• _WORK ITEM_
Reprint all records below exactly. No images.
== == ==
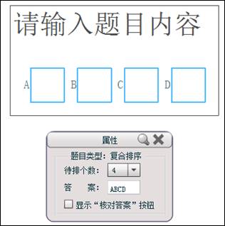 单击工具栏“复合排序”按钮,出现出题工具和属性框。此复合排序题支持横向排序与纵向排序。
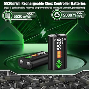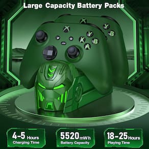 Carregador de controle duplo compatível com controles xbox one e xbox series x/s com baterias de 2 x 5520 mWh e 4 capas de bateria - Potência de alta capacidade: o kit de carregador xbox equipado com duas baterias de 5520 mWh, nossa estação de carregamento de bateria para controle xbox garante uma jogabilidade prolongada sem interrupções. O pacote inclui um carregador para controles Xbox, 2 baterias extras, 1 cabo de carregamento e 4 capas de bateria (2 para xbox one, One, One x e outras 2 para Xbox Series x|s) para sua conveniência - Jogabilidade estendida: com um tempo de carregamento rápido de 4 horas, desfrute de impressionantes 18 a 25 horas de jogos ininterruptos. Recarregável até 2000 vezes, a bateria recarregável para xbox foi projetada para manter você no jogo por muito tempo. Compatível com controles Xbox One, Xbox One S, Xbox One X, Xbox Elite, Xbox Series S e Xbox Series X - Carregamento rápido e proteção avançada: nosso suporte de carregador para controle da série xbox vem com proteção contra sobrecarga, sobrecorrente, superaquecimento e curto-circuito, garantindo a segurança do processo de carregamento. Com um cabo de carregamento USB C, permitindo um tempo de carregamento rápido para recarregar totalmente seus controles remotos Xbox. Sempre tenha dois controles totalmente carregados prontos para outra rodada de jogos - Indicadores LED estéticos e inteligentes: destaque-se com a estética inspirada no capacete robô na frente, adicione um pouco de impulso de super-herói à atmosfera do seu jogo. Mantenha-se informado sobre o status da sua bateria com os indicadores LED da estação de carregamento do controle xbox series x: luz vermelha - carregamento; luz verde totalmente carregada. Um botão na parte superior pode ligar/desligar as luzes LED, o que não afetará o carregamento das baterias - Design conveniente: o compartimento inferior da bateria do carregador xbox é engenhosamente projetado para armazenamento conveniente da bateria, garantindo que você nunca perca as baterias sobressalentes
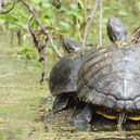 BEHAVIOR AND ECOLOGY: This aquatic turtle is fond of basking and within its range can be found in bodies of freshwater with soft bottoms and aquatic vegetation including: lakes, oxbows, swamps, marshes and ephemeral bodies of water such as flooded forest. Juvenile chicken turtles are carnivorous but shift towards an omnivorous diet as they reach maturity.
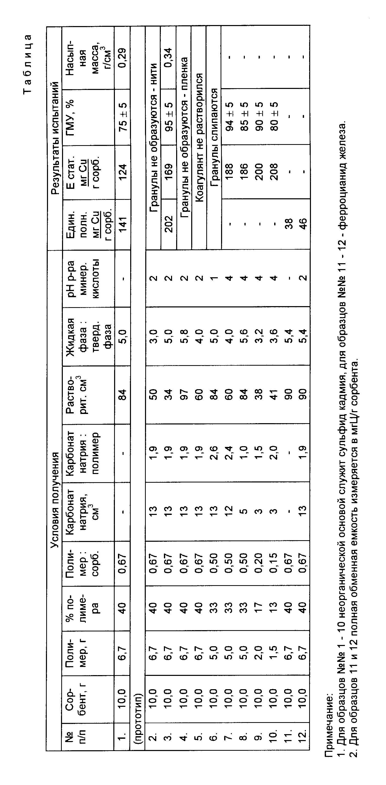 условиях по описанной выше методике. Результаты испытаний приведены в таблице. Пример 4. Проводят испытания сорбентов на основе сульфида кадмия,
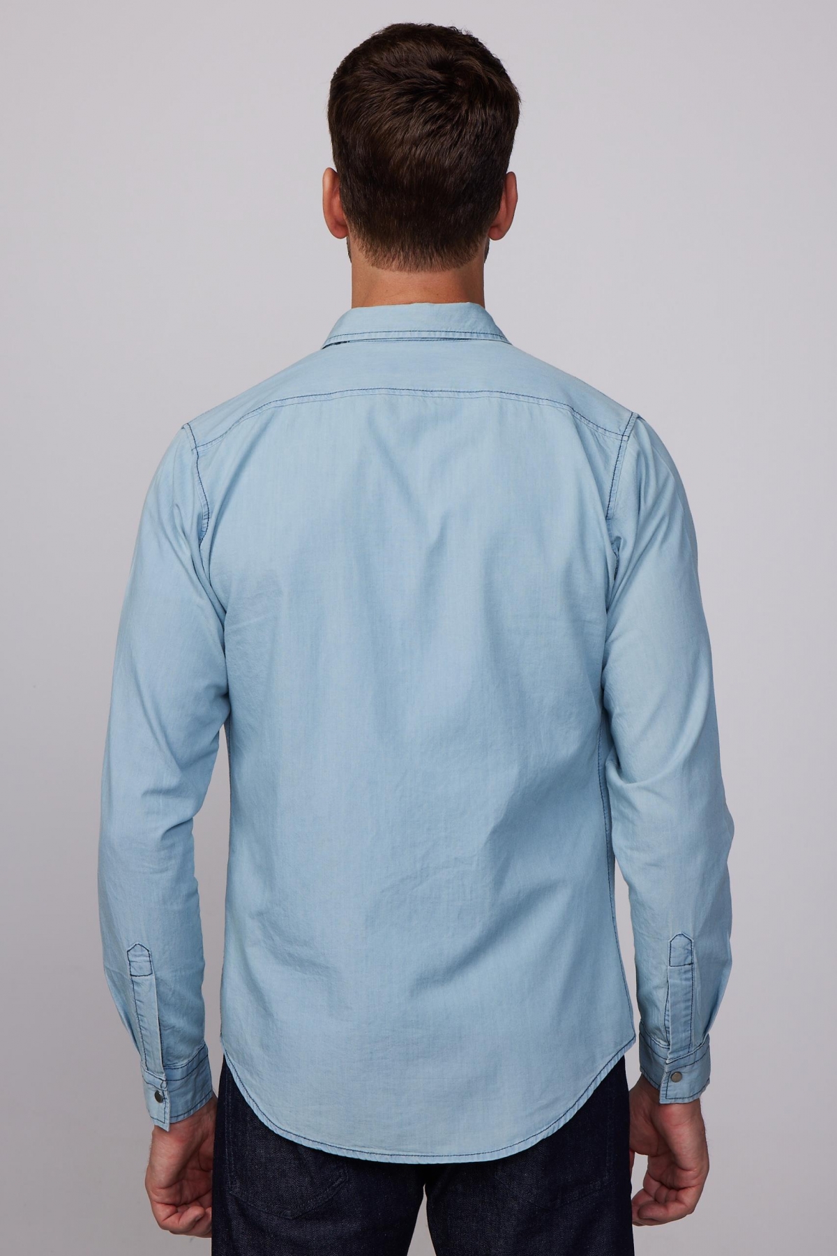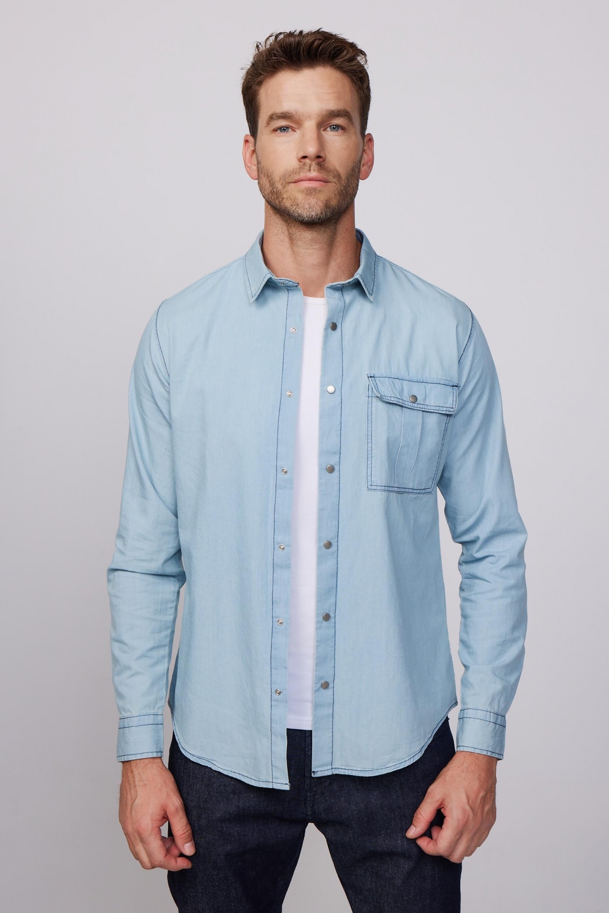 Slim Fit Uzun Kol Çıt Çıtlı Tek Cep Kapaklı Denim Mavi Erkek Gömlek
== == ==
• _RESPONSE TO THE TASK_
 单击工具栏“复合排序”按钮,出现出题工具和属性框。此复合排序题支持横向排序与纵向排序。
 Carregador de controle duplo compatível com controles xbox one e xbox series x/s com baterias de 2 x 5520 mWh e 4 capas de bateria - Potência de alta capacidade: o kit de carregador xbox equipado com duas baterias de 5520 mWh, nossa estação de carregamento de bateria para controle xbox garante uma jogabilidade prolongada sem interrupções. O pacote inclui um carregador para controles Xbox, 2 baterias extras, 1 cabo de carregamento e 4 capas de bateria (2 para xbox one, One, One x e outras 2 para Xbox Series x|s) para sua conveniência - Jogabilidade estendida: com um tempo de carregamento rápido de 4 horas, desfrute de impressionantes 18 a 25 horas de jogos ininterruptos. Recarregável até 2000 vezes, a bateria recarregável para xbox foi projetada para manter você no jogo por muito tempo. Compatível com controles Xbox One, Xbox One S, Xbox One X, Xbox Elite, Xbox Series S e Xbox Series X - Carregamento rápido e proteção avançada: nosso suporte de carregador para controle da série xbox vem com proteção contra sobrecarga, sobrecorrente, superaquecimento e curto-circuito, garantindo a segurança do processo de carregamento. Com um cabo de carregamento USB C, permitindo um tempo de carregamento rápido para recarregar totalmente seus controles remotos Xbox. Sempre tenha dois controles totalmente carregados prontos para outra rodada de jogos - Indicadores LED estéticos e inteligentes: destaque-se com a estética inspirada no capacete robô na frente, adicione um pouco de impulso de super-herói à atmosfera do seu jogo. Mantenha-se informado sobre o status da sua bateria com os indicadores LED da estação de carregamento do controle xbox series x: luz vermelha - carregamento; luz verde totalmente carregada. Um botão na parte superior pode ligar/desligar as luzes LED, o que não afetará o carregamento das baterias - Design conveniente: o compartimento inferior da bateria do carregador xbox é engenhosamente projetado para armazenamento conveniente da bateria, garantindo que você nunca perca as baterias sobressalentes
 BEHAVIOR AND ECOLOGY: This aquatic turtle is fond of basking and within its range can be found in bodies of freshwater with soft bottoms and aquatic vegetation including: lakes, oxbows, swamps, marshes and ephemeral bodies of water such as flooded forest. Juvenile chicken turtles are carnivorous but shift towards an omnivorous diet as they reach maturity.
 условиях по описанной выше методике. Результаты испытаний приведены в таблице. Пример 4. Проводят испытания сорбентов на основе сульфида кадмия,
 Slim Fit Uzun Kol Çıt Çıtlı Tek Cep Kapaklı Denim Mavi Erkek Gömlek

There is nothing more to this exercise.